■ **Task directions**: For the entries below, return every line from the top through the line with "本次年会由中国高等教育学会秘" exactly as it stands, omitting pictures.

Extracted records

━━━

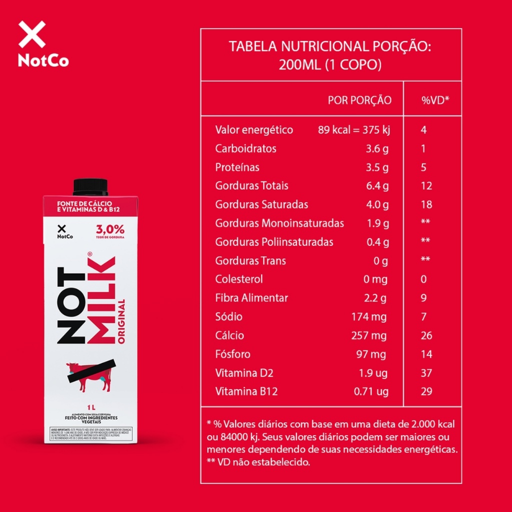 Leite Vegetal Sem Lactose Not Milk Integral Vegano 1L
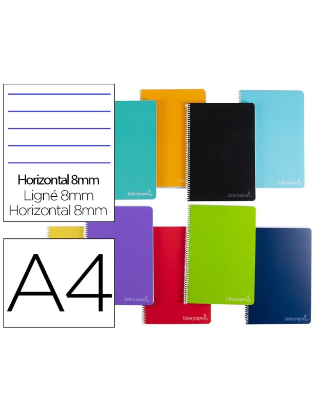 Cuaderno espiral liderpapel a4 micro witty tapa dura 140h 75gr horizontal 8mm 5 bandas 4 taladros colores surtidos
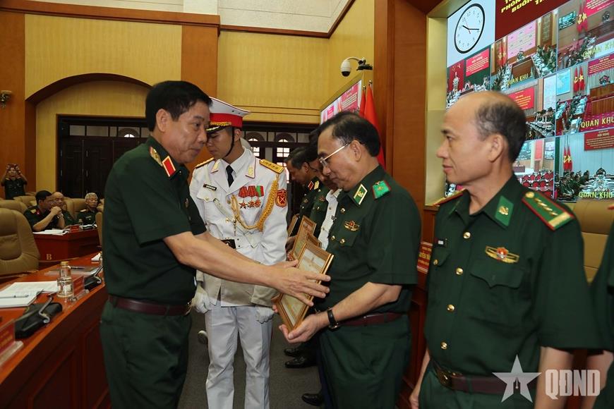 Thượng tướng Nguyễn Văn Gấu trao Bằng khen của Bộ Quốc phòng tặng các tập thể, cá nhân có thành tích tiêu biểu trong thực hiện đợt cao điểm. Ảnh: qdnd.vn
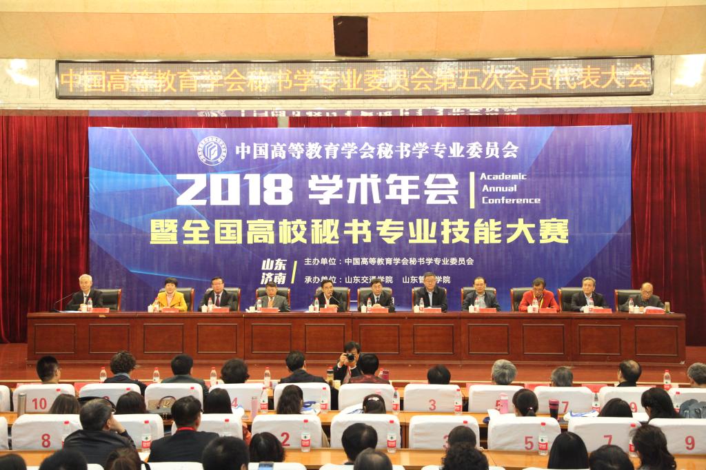 本次年会由中国高等教育学会秘书学专业委员会主办,山东交通学院经济与管理学院、山东管理学院人文学院联合承办。来自全国70多所高校的代表以及政府部门办公厅、北京师范大学出版社、《办公室业务》杂志社、《秘书战线》杂志社等新闻媒体共计300余人参加会议。此次秘书学术年会和全国高校秘书专业技能大赛的顺利召开,加强了我校同全国其他高校的交流合作,对促进我校的学科专业建设将起到积极推动作用。
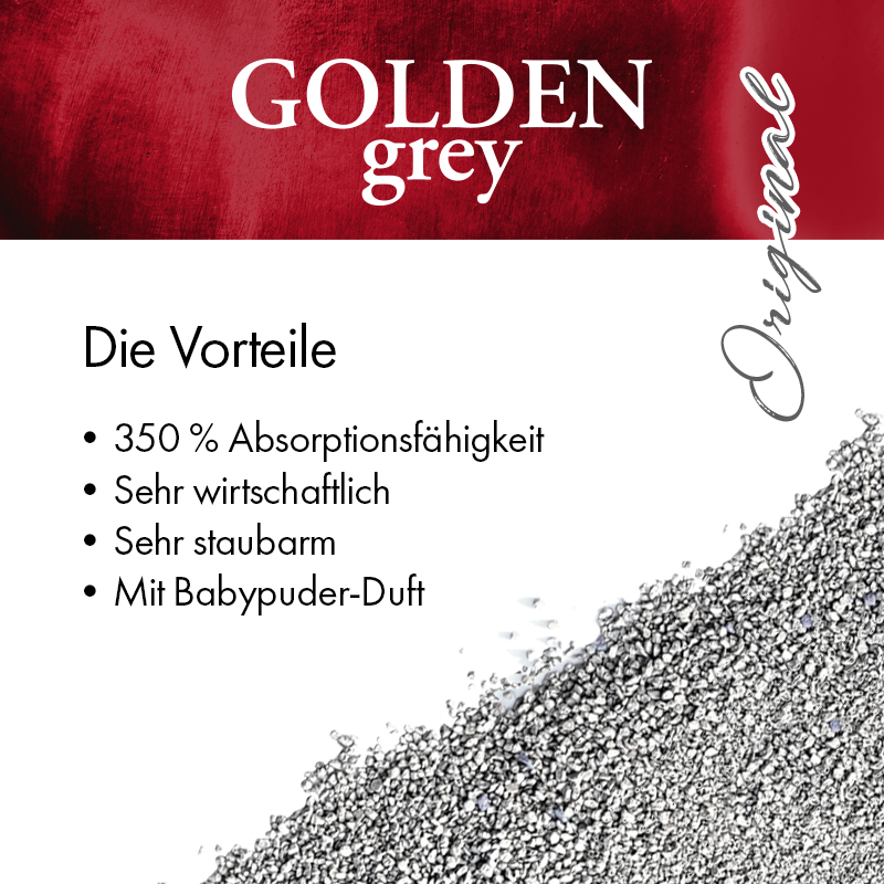 Unsere Katzenstreu GOLDEN Grey Master, GOLDEN Grey Original und GOLDEN Odour Natural wird aus hochwertigen Rohstoffen und natürlichem Natriumbentonit hergestellt. Für die hygienische Katzenstreu GOLDEN White verwenden wir mit Soda aktiviertes Kalziumbentonit. Auf den Einsatz von Klebstoffen, Gelbindern oder synthetischen Staubbindemitteln verzichten wir bewusst.
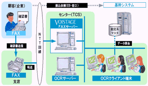 系統(tǒng)結(jié)構(gòu)中心每天收到FAX7~800張?蛻魯(shù)約 1,400家。系統(tǒng)配置是有VOISTAGE(VS-403MC)功能的FAX服務器和OCR
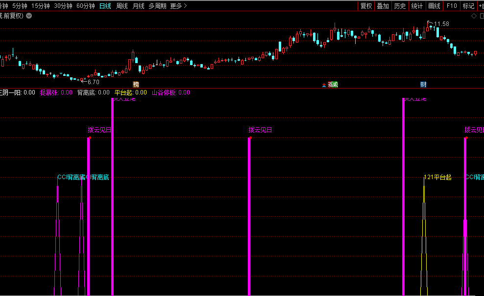 拨云见日:STICKLINE((LAST(C<O,6,3) AND LAST(C>O,2,0)) OR (LAST(C<O,6,3) AND C>O AND REF(C,1)<REF(O,1) AND REF(C,2)>REF(O,2)),4,0,2,0),COLORMAGENTA;
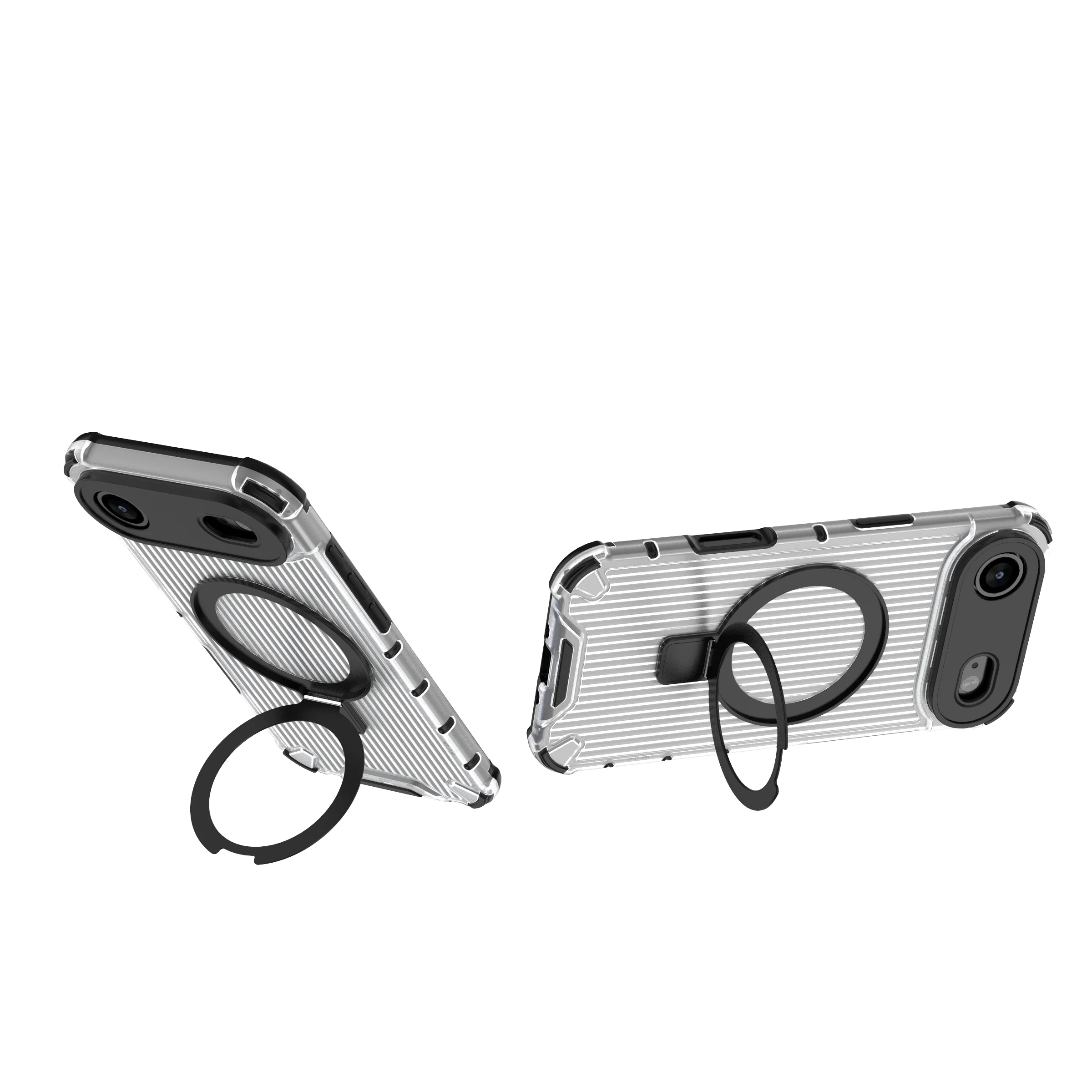 Funda translúcida con soporte de Metal con patrón corrugado para iPhone 17 Air 16 15 14 13 12 11 Plus Pro Max Airbag cubierta mate a prueba de golpes

━━━

■ **Result of this exercise**:
 Leite Vegetal Sem Lactose Not Milk Integral Vegano 1L
 Cuaderno espiral liderpapel a4 micro witty tapa dura 140h 75gr horizontal 8mm 5 bandas 4 taladros colores surtidos
 Thượng tướng Nguyễn Văn Gấu trao Bằng khen của Bộ Quốc phòng tặng các tập thể, cá nhân có thành tích tiêu biểu trong thực hiện đợt cao điểm. Ảnh: qdnd.vn
 本次年会由中国高等教育学会秘书学专业委员会主办,山东交通学院经济与管理学院、山东管理学院人文学院联合承办。来自全国70多所高校的代表以及政府部门办公厅、北京师范大学出版社、《办公室业务》杂志社、《秘书战线》杂志社等新闻媒体共计300余人参加会议。此次秘书学术年会和全国高校秘书专业技能大赛的顺利召开,加强了我校同全国其他高校的交流合作,对促进我校的学科专业建设将起到积极推动作用。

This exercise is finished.